Балыкин поморщился при упоминании бога.
— У меня тут тоже новость, — сказал он.
И коротко изложил содержание указа и последовавшего за ним приказа наркома обороны.
— Так что, товарищ командир, — заключил он, — я теперь не военком, а твой заместитель по политчасти.
— Изрядная новость, — сказал Козырев. — Ты расстроен, Николай Иваныч?
— С чего мне расстраиваться? — сухо ответил Балыкин. — Я солдат партии и любое ее решение принимаю к исполнению. Если хочешь знать, это новость хорошая. Она вот что означает: командиры наши научились воевать. Созрели не только в военном отношении, но и в политическом. Могут принять на себя всю полноту ответственности. Полное единоначалие — в бою нельзя иначе.

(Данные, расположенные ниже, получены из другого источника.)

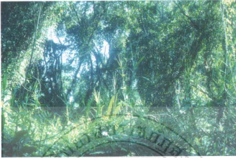
15. หวายลิง Flagellaria indica Linn. (ขึ้นปกคลุมเสม็ดขาวที่โคนล้ม)

— Нельзя, — кивнул Козырев.
Он пристально посмотрел на своего комиссара, теперь уже замполита. Каждый день он его видит, но только сейчас заметил, как изменился Балыкин. Он потемнел и будто омертвел, а глаза, такие уверенные и властные, приобрели не свойственное им прежде выражение печальной задумчивости. Никому не жаловался Балыкин, никогда не позволял себе расслабляться, но Козырев знал, как переживал комиссар отсутствие вестей от семьи. У Балыкина в каюте под стеклом, покрывавшим стол, лежали фотокарточки жены — полной белокурой женщины — и двух большеглазых дочек. Пропала, сгинула женская команда. С июля — ни одного письма…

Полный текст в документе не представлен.